AVAILABLE DATA:
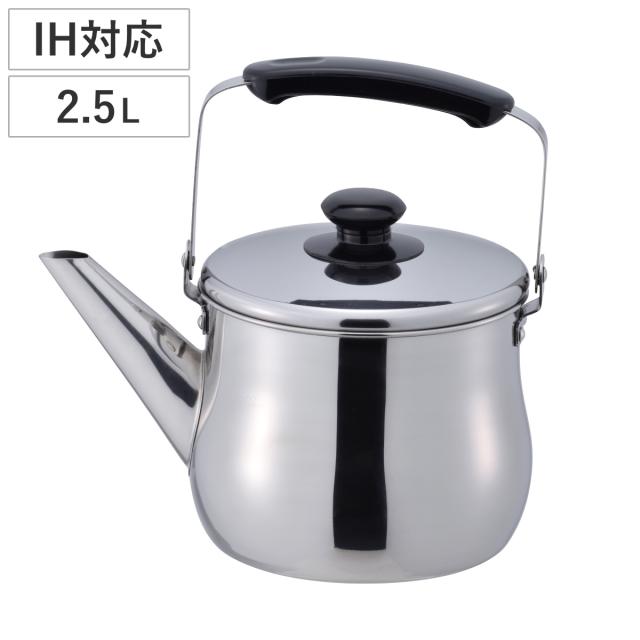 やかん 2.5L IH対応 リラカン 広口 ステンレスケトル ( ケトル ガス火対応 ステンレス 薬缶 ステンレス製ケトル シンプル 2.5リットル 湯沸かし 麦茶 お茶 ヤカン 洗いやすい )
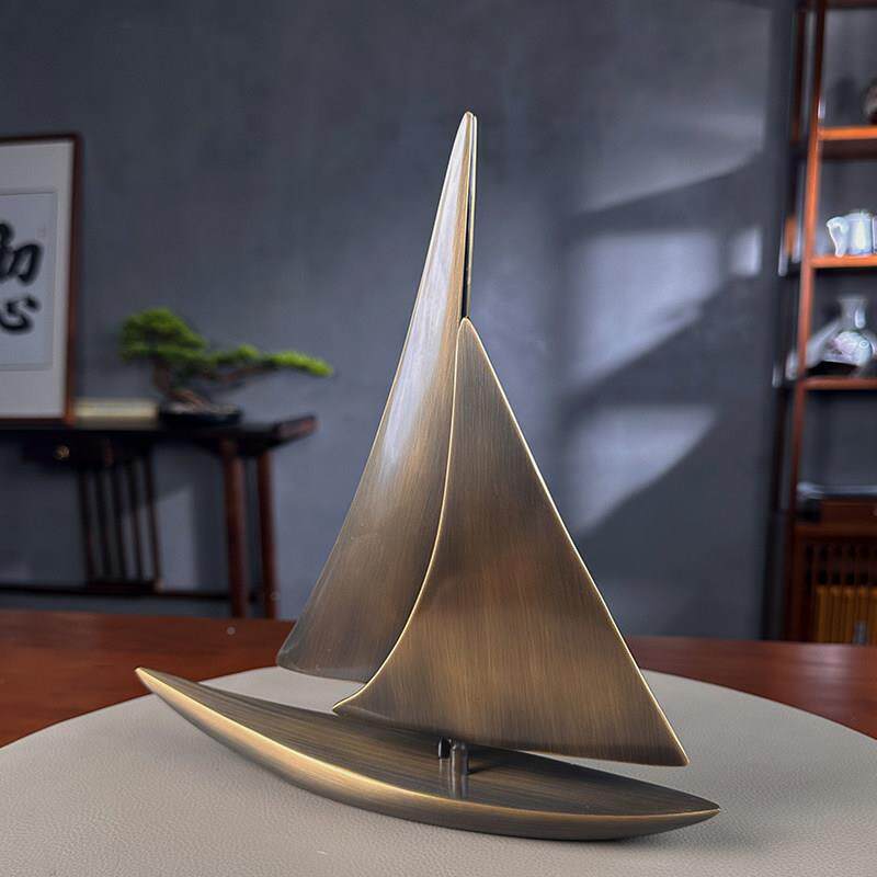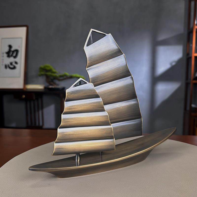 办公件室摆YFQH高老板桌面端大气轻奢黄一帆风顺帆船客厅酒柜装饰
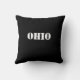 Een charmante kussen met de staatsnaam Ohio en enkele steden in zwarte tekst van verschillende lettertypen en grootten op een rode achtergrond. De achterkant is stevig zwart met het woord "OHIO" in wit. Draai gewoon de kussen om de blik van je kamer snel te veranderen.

WHAT TO PRODUCE:
Exclude the pictures from the copy. Retype exactly the lines running from the one containing "办公件室摆YFQH高老板桌面端大气轻奢黄一帆风顺帆船客厅酒柜装饰" through the last line of the listing.

RESULT BELOW:
 办公件室摆YFQH高老板桌面端大气轻奢黄一帆风顺帆船客厅酒柜装饰
 Een charmante kussen met de staatsnaam Ohio en enkele steden in zwarte tekst van verschillende lettertypen en grootten op een rode achtergrond. De achterkant is stevig zwart met het woord "OHIO" in wit. Draai gewoon de kussen om de blik van je kamer snel te veranderen.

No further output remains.